No sympathy from me for people using hacked iPhones and getting trojans since they knew the risks when they hacked it.
Neither do game consoles! (Score:3, Insightful)
Seriously, this is news for nerds? Some morons jailbreak their phones, leaving SSH with a default password, they get hacked, and suddenly A/V firms think they have an "in"? You could install every A/V program on the planet on a windows PC, but if you install SSH with a default password, it will still get hacked.
Re:It's closed so it's perfect (Score:5, Insightful)
This entire thing is just laughable. "we can't write A/V software for your product because no one can write software for the iphone that is, or that stops, viruses". So, they're asking Apple to create the problem, which they will then be able to sell a fix for.
Just HOW stupid do they think we all are?

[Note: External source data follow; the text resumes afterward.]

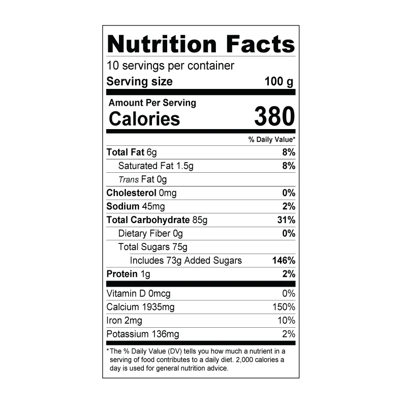 *Processed in a facility that also processes eggs, gluten, milk powder, nuts, and peanuts.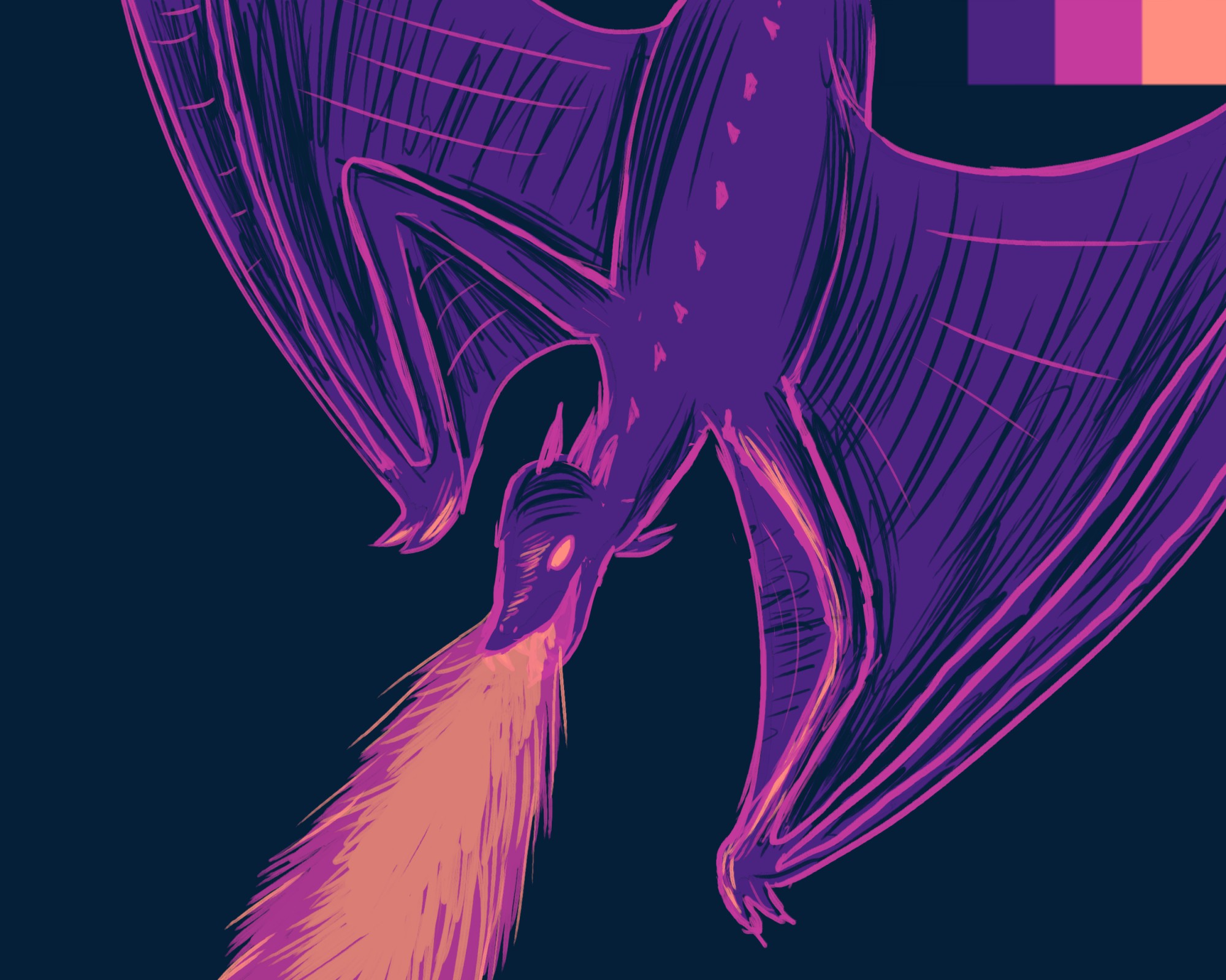 [ID: A jakapil dinosaur crossed with a dragon, drawn in peach, pink, purple, and navy blue and breathing fire. /ID]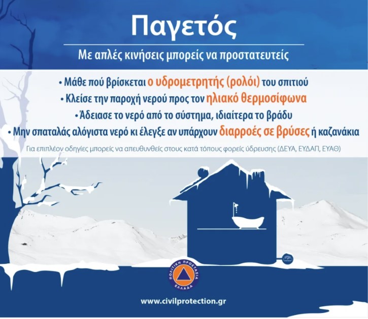 - Βεβαιωθείτε ότι οι εξωτερικοί σωλήνες (π.χ. ηλιακού θερμοσίφωνα, βρύσες μπαλκονιών) είναι μονωμένοι, διαφορετικά φροντίστε να μονωθούν το συντομότερο δυνατόν.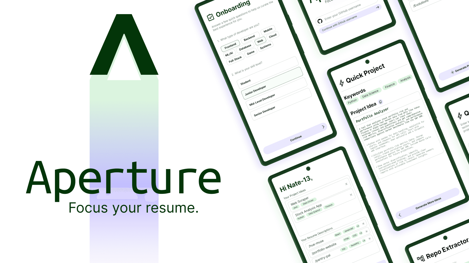We had a ton of ideas we didn't get to. We want to make Repo Extractor smarter, let users connect private repos, or even link to personal websites. Dark mode is on the list (even though I love the light theme). I'd also love to add a Resume Reviser that tailors your resume to job descriptions, and maybe even generalize Aperture for other fields, not just developers.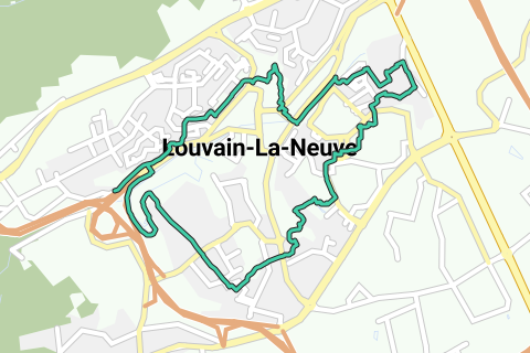 Start an der Rue de Mont-Saint-Guibert 17 (V) und folge dem Weg neben der großen Straße rechts. Bei der Wohnanlage RA Treppen hinunter. Vor dem Tunnel LA, bei der Bank RA und Treppen hinauf. An der Runde RD, Rue de l’Esplanade und RA bis zur Sint-Franciscuskerk (1). Hinter dem Turm RA und LA, Chemin des Sages. An der Kreuzung RD ins Grüne und RA über die kleine Brücke. Vor dir das Hergémuseum (2). LA die Treppe hinunter und RA hinter dem Museum hindurch. RD in den Parc de la Source und bei dem Kiesweg RA. Nach dem Park LA zum Place de l’Université. Rechts vom Platz Rue des Wallons und LA Voie des Hennuyers. Kommst du mit dem Zug (3), steigst du hier ein. An der T LA, bei der Runde RA. Sofort über den Zebrastreifen LA, Treppe hinauf und über die Rue des Tisserands ins Viertel La Baraque. RD ein Sandweg, bei einem Platz RA, Rue de la Baraque. Nach 100 m LA durch die Kleingärten bis zu einem Baum mit drei Bänken. LA, bei den Jurten RA entlang der habitations légères (4) zu einem Erdweg. RA und an der Gabelung RA halten, schmaler Weg neben der Wiese. Am Ende dieser Wiese RA bis zum Verger de la Baraque. Quer über den Platz und RD, Rue du Jardinier. LA, sofort RA und wieder LA, Rue du Poirier. Überqueren, RD und RA um die UCL zu Musée L (5). RA hinter dem Museum, Rue Archimède, über den Place Galilée und RA, Avenue du Jardin Botanique. Bei den Gewächshäusern RA, Kiesweg durch den Park. RA hinter dem Viereckhof und LA am Tennisplatz entlang. Straße überqueren und an der Kreuzung mit der Rue de la Neuville RD in den Wald. Bei der Parkwiese RD dem kurvenreichen Asphalt folgen. Bei den ersten Häusern RA die Treppen hinauf, folgen und bei der T RA. RD die Fußgängerbrücke über, Chemin des Saxophones. Straße überqueren, Treppe hinunter und über den Weg durch die Wiese, links halten. RD, Rue Maurice Grévisse. Bei Notre-Dame d’Espérance (6) RA und nach unten, Parvis de la Cantilène. Von nun an RD, Rue des Poètes und Scavée du Point du Jour, ganz bis zu dem ausgetrockneten See. LA um den See und an der gegenüberliegenden Seite LA durch den Fußgängertunnel. LA zum Ausgangspunkt.
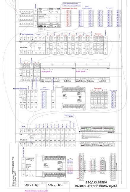 Расскажу о проекте квартиры площадью 125 квадратных метров, в которой система Умный Дом выполнена на контроллере EasyHomePLC (разрабатывается изготавливается в Санкт-Петербурге) Возможности системы Спроектированная система Умный Дом умеет следующие вещи: Управление 28 группами освещения, в том числе четырьмя с возможностью диммирования Управление 8 светодиодными лентами, в том числе шестью с возможностью диммирования Управление пятью розетками в квартире с контроллера EasyHomePLC, отдельное управление каждой розеткой Управление тремя вытяжками санузлов по заданным алгоритмам (без датчиков влажности в санузлах) Управление шестью тёплыми полами с контролем температуры каждого пола Считывание импульсов с четырёх счётчиков водоснабжения Снятие сигнала тревоги с двух автономных систем контроля протечки воды Neptun Управление приточно-вытяжной вентустановкой Comfovent по RS485 Управление двумя электрокарнизами Датчики движения для управления освещением в 5 местах (санузлы, постирочная, прихожая, коридор) Управление пятью группами радиаторов водяного отопления 5 датчиков температуры и влажности воздуха в комнатах Также проект включает электроснабжение, охранно-пожарную сигнализацию Ajax, компьютерную сеть из роутера Asus, дополнительной точки доступа Wi-Fi и 8-портового коммутатора, домофонию Визит. Технические решения Отдельный слаботочный шкаф формата 19″ не предполагается, а на полку в шкафу в прихожей ставятся ИБП с розетками, роутер, коммутатор и панель сигнализации Ajax. У нас было ограничение по ширине электрощитов 600мм, в один щит ABB CA28 высотой 1250мм мы немного не помещались, так что пришлось брать два электрощита: ABB CA23VZRU (высота 500мм) и ABB CA26VZRU (высота 950мм) и располагать их один над другим. В верхнем щите счётчик, реле напряжения, неуправляемые розетки и питание вентмашины, а в нижнем всё то, что управляется с Умного Дома. Вот отдельная схема питания элементов Умного Дома, я такую всегда рисую для любой системы: От резервируемого аккумуляторами блока питания Meanwell DRC-60B питается только контроллер EasyHomePLC и его блоки реле, а модули дискретного ввода и вывода Овен и диммер EasyHomeDIM питаются от 230 вольт. Всё очень хорошо распределилось по вводам и выводам, осталось немного резерва для подключения ещё чего-нибудь. У EasyHomePLC довольно мудрёное подключение диммируемых светодиодных лент к ШИМ выходам (хотя, оно везде сложное), поэтому нарисовал на эту тему отдельную схему: Важно помнить, что у модулей дискретного вывода Овен МУ110-32Р, как и модулей на другое количество реле, встроенные реле очень слабые. По инструкции они на 3 ампера, а на практике они залипают (то есть, включаются и уже не выключаются) от любой нагрузки хоть с каким-то пусковым током. Поэтому всё, что подключается к реле модуля Овен и питается от 230 вольт, идёт через отдельные реле с катушкой 24 вольта. Без реле подключаются только приводы радиаторов (они хоть и на 230 вольт, но у них ток не более 0.5 ампера и нет пускового тока) и 24-вольтовые светодиодные ленты. Электрошторы точно всегда надо подключать к Овену через реле. Стоимость оборудования Вот расчёт оборудования Умного Дома: Преобразователь интерфейсов RS485-USB здесь для того, чтобы настроить скорость работы и адреса в модулях Овен, больше он ни для чего не нужен. Датчики температуры воздуха (которых 6 штук) служат преобразователями для сенсоров те

The only people right now that have any use for antivirus or antimalware software for their iphone are those that have jailbroken them, in which case they could also install and run AV software But there's not a big enough market for that at this point. If they really wanted to write it, they could, right now. There's just not enough profit in it yet.
Re:It's closed so it's perfect (Score:3, Insightful)
AV Vendors please go back to the windows desktop PC where you came from.
And a portion of the irony here is that this is partly the reason that windows has such a virus and malware problem. "We want the mac platform to be just as exploitable as the windows platform, so we can profit from it too."
Uh... NO . go away.
Re:F-Secure smells money (Score:3, Insightful)
No amount of AV is going to protect against a user's stupidity.
And no amount of AV is going to protect against vendor/distributor stupidity either. Here we have a program, running on a non-firewalled device, which on install, instead of being non-functional, opens up to the whole world with a default password. This is not the 1990's people! In this day and age, I expect a program to be secure by default... whatever it takes, even if it means it is non-functional at install.
I actually have a jailbroken iphone on which I installed openssh. When I logged in I immediately realized the risk I was running and changed the password. However, between the time of installing openssh on my iPhone and the moment I changed the password there was at least a period of 5 minutes in which people could have hijacked the machine. Unforgivable. This distributor should be ashamed of himself.